The slow change in quality shows that efforts at voluntary compliance are failing. Though smaller departments are generally thought to provide better advising than their larger, more impersonal counterparts, this year’s survey showed that the quality of advising is not simply a function of size. The four large departments which received high marks in 1999—literature, history and literature, chemistry and environmental science and public policy—were also the four large departments showing the greatest improvements. Departments like government and economics, which have historically struggled in this area, showed few signs of progress. In fact, as its advising scores fell, the government department refused College money to enhance the program, claiming that the problem is not a lack of funds. If so, perhaps Dean of the College Harry R. Lewis ’68 is right to say that an unwillingness to improve advising is ingrained in the culture of certain departments.
As the system now stands, each department is almost entirely autonomous in the way it provides concentration advising. It is clear that this decentralized system creates large disparities between departments, to students’ severe disadvantage. Minimum College-wide standards for advising are necessary. An increase in communication between departments could also be beneficial, so that what is working in the chemistry department, for example, could be employed to help students in government.
Certain efforts are being made in the economics department, which has finally climbed out of last place—a dubious honor now held by applied mathematics. The department has done more to publicize professors’ office hours and has, for the first time in its history, given the position of Director of Undergraduate Education (or “head tutor”) to a senior Faculty member.

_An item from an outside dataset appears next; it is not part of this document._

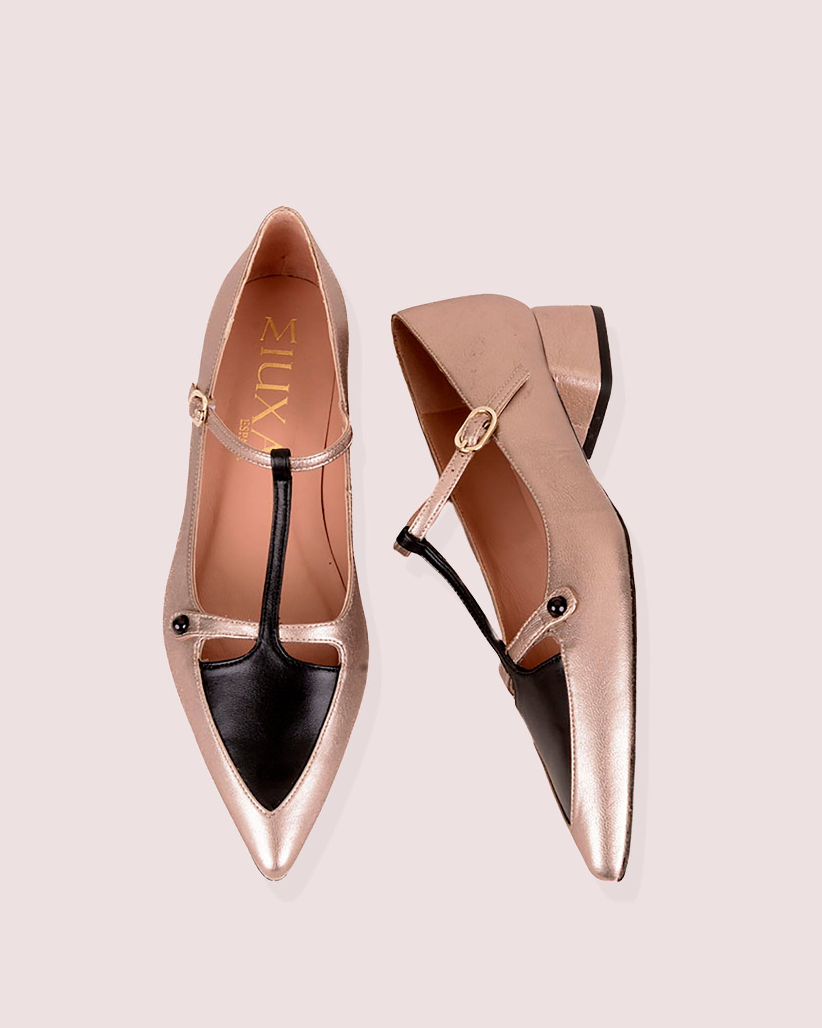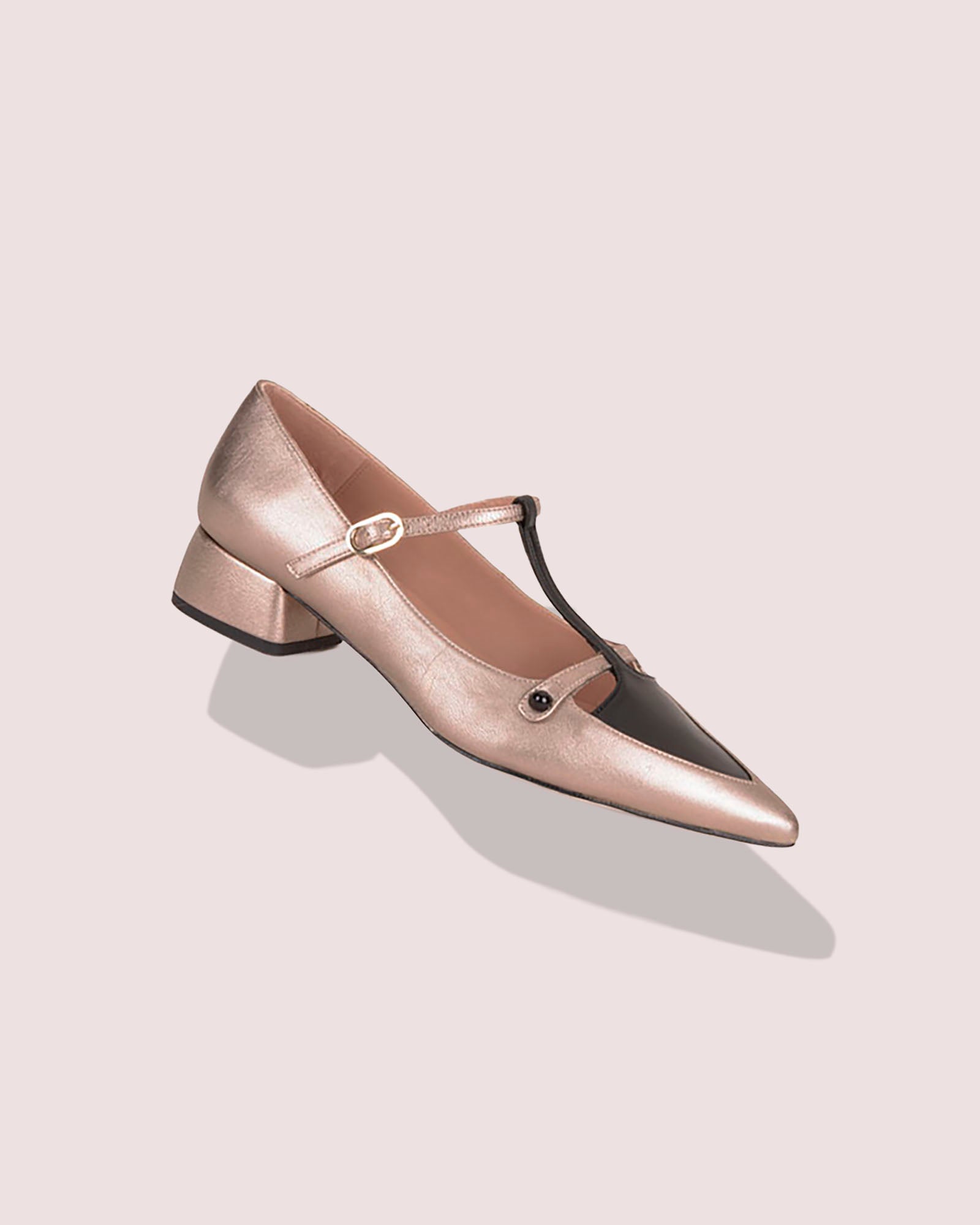 Zapato en piel metalizada color bronce. Pala en piel suave color negro. Detalle de tiras t-bar en piel color burdeos y broche dorado. Cierre con hebilla. Forro interior en piel. Plantilla en piel acolchada. Tacón de 3,5cm forrado en piel color bronce. Suela antideslizante.

However, much more remains to be done. The academic advising that students need is distinct from intellectual advising and counseling, which is provided by many different outlets across the campus. Students look to concentration advisors for meaningful participation in their academic careers, with advice on which classes to take and what academic interests can be pursued within the concentration. Students do not receive this kind of advising anywhere else at Harvard, and it requires more than one visit to a professor’s office hours.
The advising system in many departments is severely understaffed, and departments often rely for their undergraduate advising on graduate students with high turnover and little familiarity with undergraduate requirements. Where quality advising is available, students will seek it out. In some concentrations, the role of the advisors remains unclear beyond signing study cards, and the advising system is consequently underutilized.
To improve Harvard’s advising, we need to know exactly where departments are failing. More data would help in that regard. Since students often make significant decisions early in their academic careers, the committee could benefit from conducting its study on an annual basis and from including students in the survey pool before their senior year. Until College-wide standards are established to give all Harvard students the academic guidance they deserve, departments can only be goaded into improvements through the public exposure of their failures.